SK hynix + NVIDIA: SSDs and HBF for AI Inference - What Product Teams Should Prepare For
SK hynix is moving past HBM wins and pushing into NAND-based storage for AI. The company is co-developing a next-gen SSD with NVIDIA under "Storage Next" (NVIDIA) and "AI-N P" (SK hynix), targeting roughly 10x the performance of current SSDs. A prototype is planned for late next year, with a projection of up to 100 million IOPS by 2027.
In parallel, SK hynix and SanDisk are building a high-bandwidth flash (HBF) standard-stacked NAND structured for AI-scale bandwidth. An alpha is expected late January next year, with customer prototypes in 2027. Shinyoung Securities estimates HBF could open around $1B in 2027 and reach $12B by 2030.
Why storage is now the bottleneck
GPUs solved training throughput by pairing with HBM, which widened the data pipe and kept cores busy. But inference is a different game: latency and capacity dominate.
For reference, GPT-4 inference is said to need about 3.6 TB, while a single HBM3E GPU offers roughly 192 GB. That often forces 6-7 GPUs per request, pushing service cost and complexity. Personalization lifts memory needs even further. Since HBM is volatile, it doesn't hold long-term user context. NAND does.
What SK hynix is building
- AI-N P (with NVIDIA): New SSD architecture and controllers optimized for large-scale AI inference I/O. The goal: reduce storage-compute stalls and improve perf-per-watt. PoC underway; prototype targeted for late next year; projected up to 100M IOPS in 2027.
- AI-N B / HBF (with SanDisk): Stacked NAND akin to HBM's wide data path, but for non-volatile flash. Alpha expected late January; customer prototypes in 2027. Packaging leans on SK hynix's VFO (vertical fan-out) to connect along the die edge-avoiding TSV drilling and the yield hits that are tough on complex 3D NAND.

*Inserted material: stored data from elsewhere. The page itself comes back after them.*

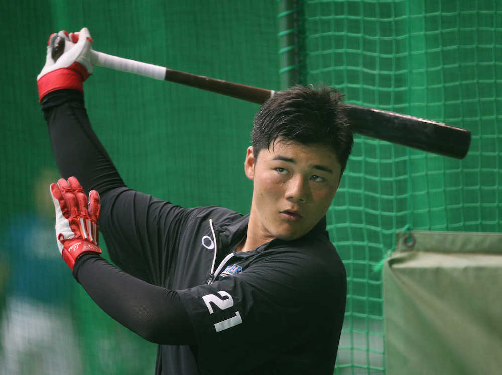 打撃練習で汗を流す清宮(撮影・西海健太郎)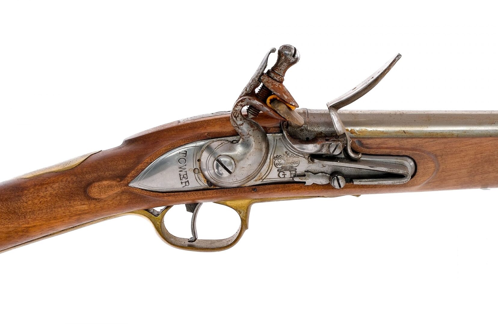 Description Japanese made reproduction of a English Tower flintlock (Brown Bess) measuring in at the bore .75″ with a single round capacity and a 41.5″ smooth bore barrel. Brass butt plate. Full length smooth wood stock. Brass trigger guard, side plate and front barrel cap. Unfinished stainless steel trigger, lock plate, hammer, frizzen and barrel. Under barrel removable ramrod. Lock marked Tower and G.R. Comes with a India marked bayonet and scabbard with shoulder strap. Black Powder Muzzle Loading Flintlock, No FFL required and ships to MOST buyers homes. Condition: Good/Very Good with scratches, finish wear and light rust. Clean smooth bore. Barrel Length: 41″ Serial: 6118 Manufacturer: Japan Caliber: .75″ Model: Brown Bess Tower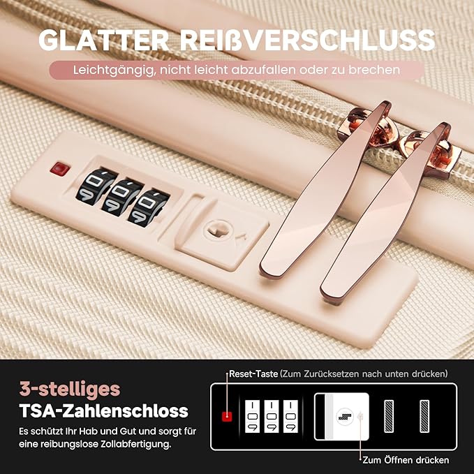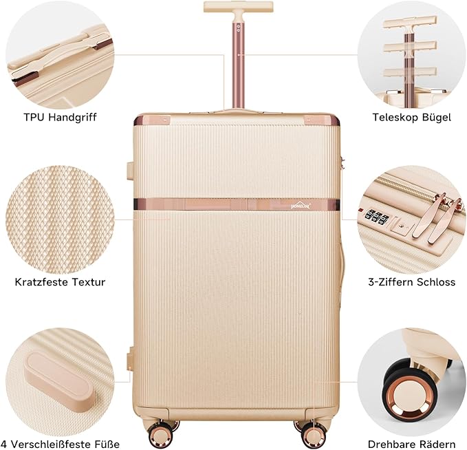 Der suitcase mit einem höhenverstellbaren einziehbaren Griff müssen Sie Ihren Rücken nicht belasten und Sie können sogar kleine Taschen und das Nötigste darauf ablegen. Oberster Teil und der seitliche einfache Haltegriff kann sehr praktisch sein, wenn Sie den Koffer mit schwerem Gewicht anheben, Machen Sie Ihre Reise entspannter.
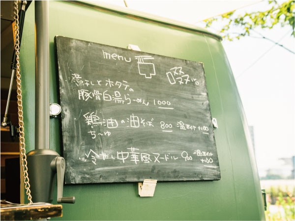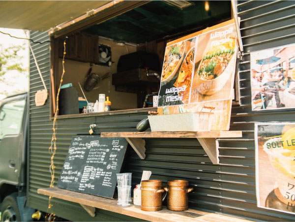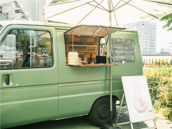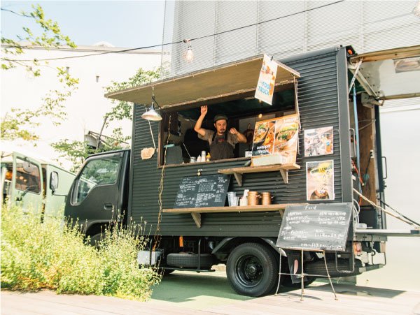 栗原商店は、いすずのエルフと、トヨタのデリボーイという異なるキッチンカーを2台所有しています。両方とも外観は落ち着いた色味で、どんな会場にも馴染みやすいクールな印象。飾り付けなども、車の雰囲気を壊すことないおしゃれさにこだわっています。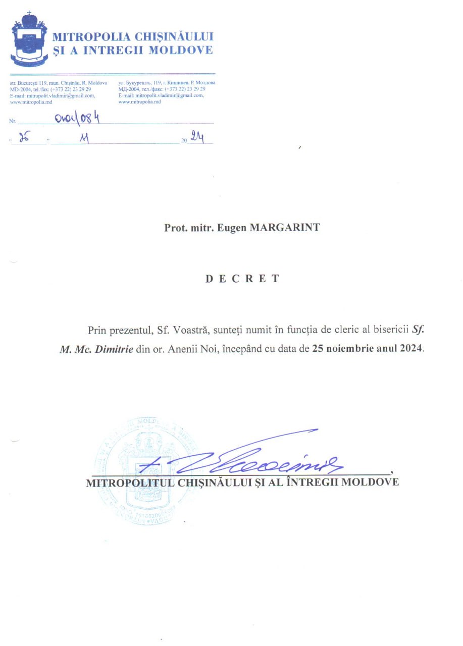 În locul său, Mitropolia l-a numit pe prot. mitr. Eugen Margarint ca nou cleric al bisericii din Anenii Noi, începând cu aceeași dată.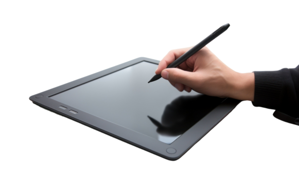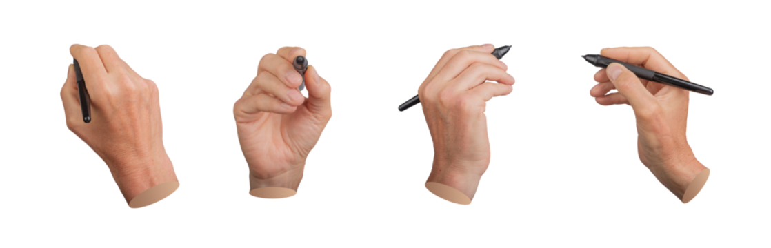 Hand holding pen, stylus for handwriting, drawing, set isolated on white background..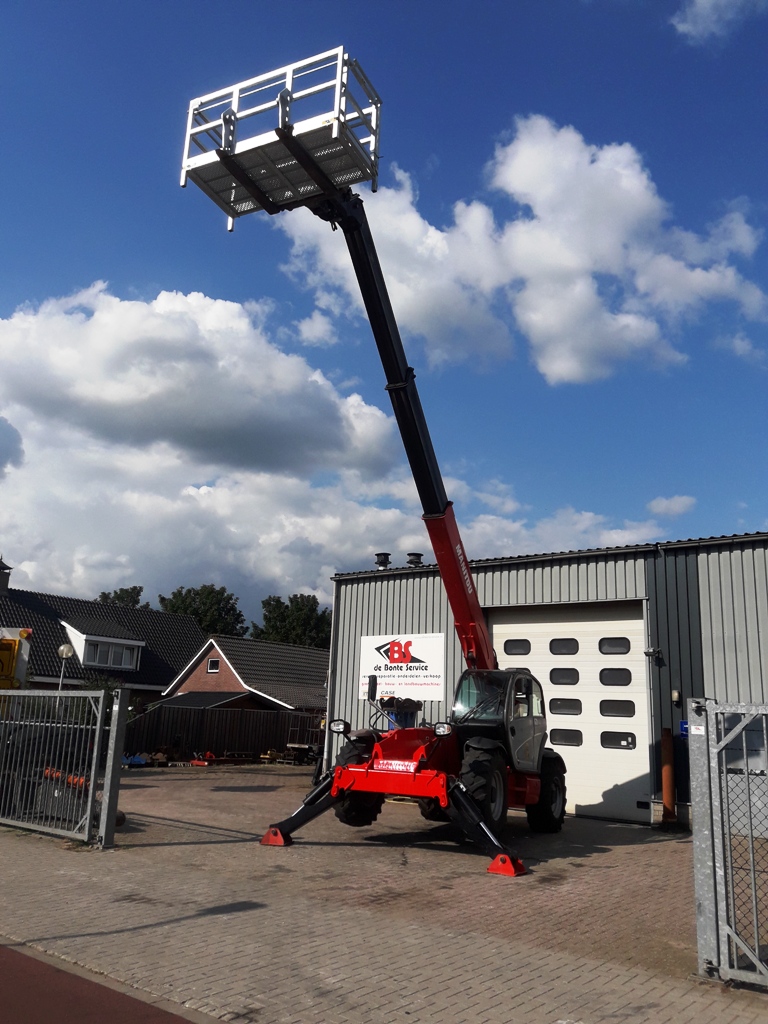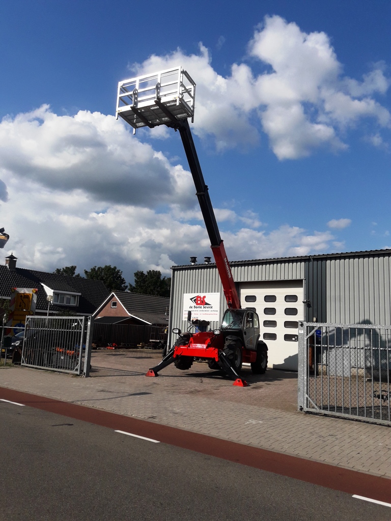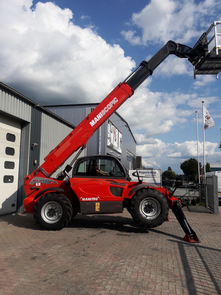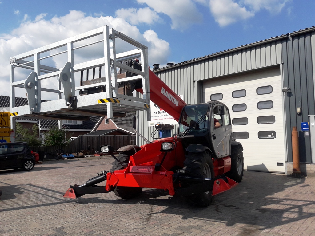 De Manitou MT1440 werd voorzien van palletvorken en een nieuwe manbak.

- AI-N D: A middle-tier storage layer that targets TB-PB scale with SSD-like speed and HDD-like economics for inference-era workloads.
Key implications for product development
- Architect for memory tiers: HBM for hot tensors; SSD/HBF for large weights, caches, and user context. Design clear data residency rules and move less data across tiers.
- Target latency, not just throughput: Prototype with realistic token budgets and batch sizes. Track tail latencies at the pipeline level (GPU + network + storage).
- Modernize the I/O path: Adopt async I/O, batched reads, and direct paths like NVIDIA GPUDirect Storage to cut CPU mediation.
- Plan for new standards: HBF may ship through GPU vendors or storage OEMs. Expect co-validation cycles and firmware dependencies. Avoid lock-in with abstraction layers where possible.
- Budget for capacity at inference: Personalization requires persistent context. Model your per-user and per-session memory footprints up front.
- Balance endurance and cost: Profile read/write ratios. Minimize write amplification with smarter sharding, prefetching, and compaction policies.
- Thermals and density: Higher IOPS means heat. Validate airflow, power envelopes, and slot count early-especially with dense NVMe or future HBF modules.
- Networking matters: Wide storage bandwidth is pointless if east-west traffic or PCIe lanes throttle end-to-end performance. Align PCIe Gen, NICs, and switch fabrics with your I/O targets.
- Observability: Instrument queue depth, IOPS per query, bytes per token, and GPU stall reasons. Tie these to unit economics.
- Roadmap alignment: Prototypes hit late next year; broader availability points to 2027. Line up vendor access, PoCs, and budget cycles now.
How this changes your build strategy
Training-optimized stacks won't carry you through inference at scale. You'll need non-volatile tiers that keep user context close and feeds GPUs fast enough to choke less on I/O.
The likely end state: HBM + HBF + SSD, each with a clear role, plus software that actually takes advantage of the layout.
Immediate actions for your team
- Prototype NVMe-heavy inference nodes with direct storage paths; measure query cost vs. latency.
- Define a memory map per model (hot, warm, cold) and enforce it in code, not slides.
- Start vendor dialogues on AI-N P and HBF PoCs; document interface and firmware assumptions.
- Size your 2026-2027 infra budgets around capacity + latency, not just FLOPs.
- Upskill the team on AI infra and storage-aware inference patterns. See curated options by job role here.
Useful references
Bottom line: inference is pushing past HBM's comfort zone. NAND-via faster SSDs and HBF-looks set to become a first-class citizen in AI system design. If you own product outcomes, build for it now.